What is on your syllabus this year?
When I first inherited the syllabus for a survey in modern Jewish literature, the assigned readings suggested that everyone used to live in a little shtetl in Eastern Europe and speak Yiddish. Those who weren’t killed in the Holocaust had moved to New York where they lived secular lives, bathed in nostalgia and suffered a hint of anti-Semitism. And all the writers were men: men who struggled with masculinity, with their mothers and with the women they didn’t like, didn’t want or couldn’t get.
I set about reimagining such a course that allowed me to use my fifteen week semester to show my students that Jews lived and continue to live all over the world. That they are not only of Eastern European descent, or secular, and most importantly, that they aren’t just male. It was a surprisingly easy task to accomplish. By transforming the course into one focused on short stories, I could cover more material. The large number of anthologies and collections that feature women’s voices and Jews from different regions, different ethnicities and even different areas within the United States create an interesting polyphony to the course. The thematic links that defined the literature as Jewish and transnational were evident in discussions of rites of passage such as bar mitzvahs and weddings, or Sabbaths and Jewish holidays, while the differences in cultures and celebrations emphasized the ways in which Jews have been impacted by the places in which they have lived.

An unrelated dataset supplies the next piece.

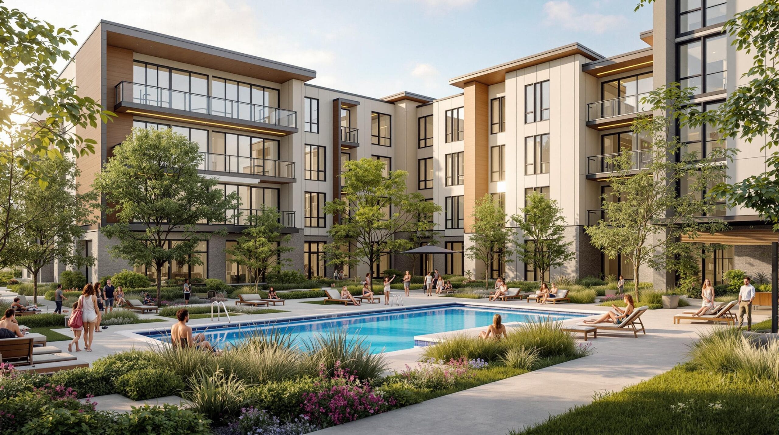 - The Link: Pet-friendly 1-3 bedroom apartments ($966–$2,013) with pools, fitness center, and outdoor social spaces.

Both Jewish and non-Jewish students have commented on the ways geographical and ethnic diversity has opened their eyes to the range of Jewish experience. But my favorite feedback has always been from students who recognize the themes of intergenerational transition between languages and cultures, and identify the significance of family structures and tradition, and the breakdown of these bonds as they encounter modernity and America. For those students, these texts resonate with their own lives, often as first or second generation immigrants, and they see in the Jewish narratives their own stories of assimilation, multiculturalism and transition.
It has been a decade since I created this course, and I was reminded of it when an undergraduate reached out in a social media group that isn’t academic, to complain about the syllabus for a Jewish literature survey course offered at the student’s institution on which there was only one female author listed, along with texts by nine Ashkenazi men. Despite decades of advocacy on recovering lost voices, publishing compendia and anthologies of women’s writing, minority writing and LGBTQ writing, male professors are still putting together courses that suggest only white men ever held pens. That only their experiences counts. That only their experiences define entire categories of identity and nationality.

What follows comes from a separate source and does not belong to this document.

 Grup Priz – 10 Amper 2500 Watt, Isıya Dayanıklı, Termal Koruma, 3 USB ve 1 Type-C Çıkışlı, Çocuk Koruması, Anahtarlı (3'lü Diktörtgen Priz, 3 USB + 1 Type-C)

I advised the student to write to the professor or speak to him during office hours and ask, “where are the women?” But the student was reluctant to speak out. If the professor’s decision to exclude voices other than his own from the syllabus is not just an oversight, or a lack of knowledge of the field, but a gesture of the ever present misogyny that continues to affect academia, then the student may be rightly concerned that speaking out might have repercussions.

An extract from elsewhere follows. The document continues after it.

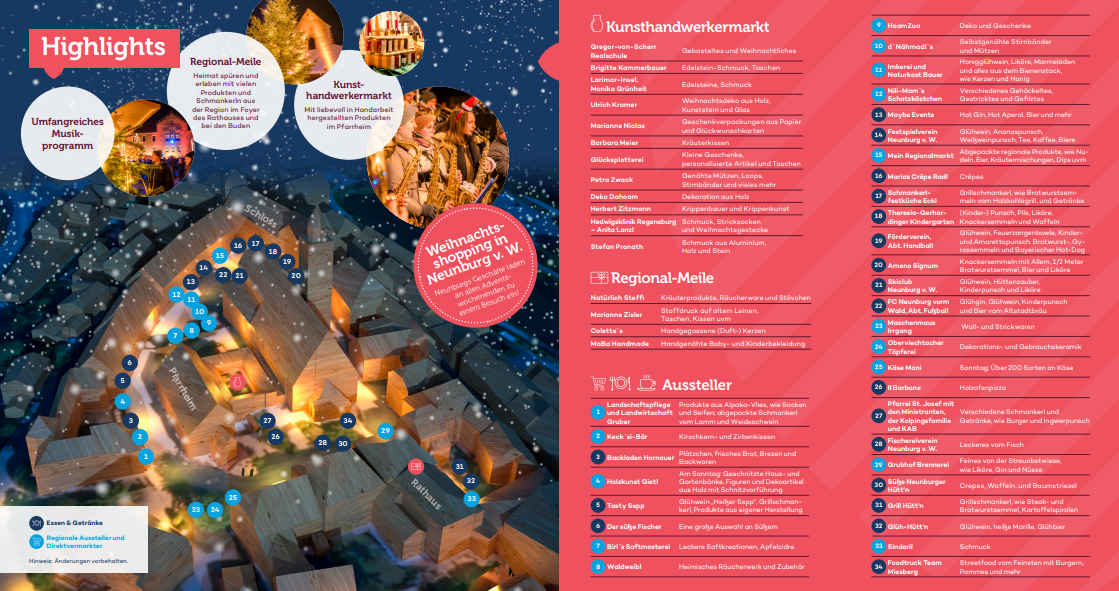 Über 50 Aussteller aus der Region präsentieren an allen drei Tagen Kunsthandwerk, Direktvermarktung und weihnachtliche Angebote. Zwei Bühnen tragen das Musikprogramm durch das Wochenende; dazu heißt es: “Mit weihnachtlicher Blasmusik, Christmas-Rock, mehreren Chören und vielen mehr ist das gesamte Wochenende über auf zwei Bühnen für ein tolles Live-Musik-Programm gesorgt.”

Though I’m in the field, I don’t know this professor personally and we don’t have friends in common. Moreover, discussions of academic freedom and syllabi in the United States often devolve around whether content should be mandated or at the discretion of the professor, so writing and telling him his syllabus needs an overhaul might be what I think, but is no less problematic than reaching out to his institution and having them tell him what to think.
As the academic year is beginning, we need to turn inwards and examine our own syllabi. Whose voices have we included, what questions are we asking, and whose experiences are we framing as central to the narrative we are creating. Most importantly, we need to ask how we can best serve our students, and help them see how literature resonates in the present.